Almost 620,000 gay and bisexual men in the United States were living with HIV in 2014, and 100,000 of these men were not even aware of their infection. These men are 100 times more likely to have anal cancer than HIV-negative men who exclusively have sex with women. Yet, no national screening guidelines exist for anal cancer prevention in any population.

Anal cancer is predominantly caused by chronic or persistent human papillomavirus (HPV) infection. HPV infection can lead to the development of anal precancer which, if remains undetected or not adequately treated, may lead to anal cancer. Likewise, HPV infection is also responsible for causing cervical, vaginal, vulvar, oropharyngeal, penile and rectal cancers.

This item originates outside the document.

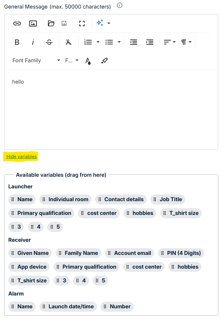 Unterhalb des Nachrichteneditors befindet sich ein Link Variablen anzeigen.

The objective of screening is to identify and treat these precancers to prevent occurrence of anal cancer. However, one of the reasons for the lack of screening guidelines is that anal precancer treatment has not yet been shown to prevent invasive cancer. Our study, published today in the journal Cancer, attempts to find a possible solution to prevent anal cancer in HIV-positive gay and bisexual men, using the best available data. We found that age-specific anal precancer management, including post-treatment HPV vaccination, can potentially lead to an 80 percent decrease in lifetime risk of anal cancer and anal cancer mortality among gay and bisexual men.

Anal cancer: the next big crisis

Some in the medical community have identified anal cancer as the next big crisis among HIV-infected gay and bisexual men. Initiation of anti-retroviral therapy in the 1990s greatly reduced the AIDS-related death rate and improved survival. However, this improvement in survival led to an increase in the lifetime risk of developing anal cancer, especially among HIV-positive gay and bisexual men.

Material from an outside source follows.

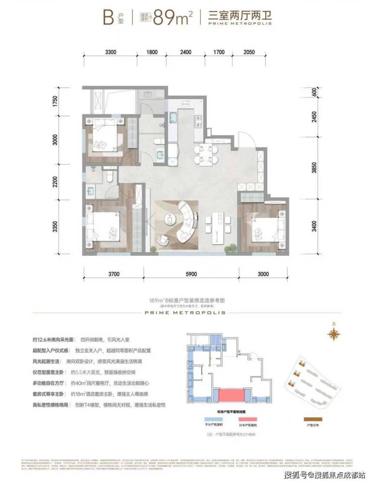 89㎡(2T4户,得房率约30%)

Anal cancer is typically preceded by persistent HPV infection that often leads to precancer. HPV is common among U.S. men; about one out of two men in the general population has HPV infection. HPV typically clears naturally; however, under certain circumstances, it might persist longer and might progress to anal precancer. If it remains undetected, untreated or inadequately treated, this precancer can progress to anal cancer.

The American Cancer Society estimates there will be 8,200 new anal cancer cases in 2017. In the absence of national screening recommendations, more than 50 percent of these individuals will be diagnosed at stage III or IV, when five-year survival is less than 40 percent. This creates a major public health concern.

We do not yet know how best to manage anal precancer (also known as high-grade squamous intraepithelial lesions) so that anal cancer could be prevented. A national randomized clinical trial study – Anal Cancer HSIL Outcomes Research (ANCHOR) – is currently determining optimal anal precancer management by comparing treatment and active monitoring.

The question then arises: How do we start managing our patients using the best available evidence? Likewise, it is imperative that these individuals have as much information as possible about anal cancer prevention.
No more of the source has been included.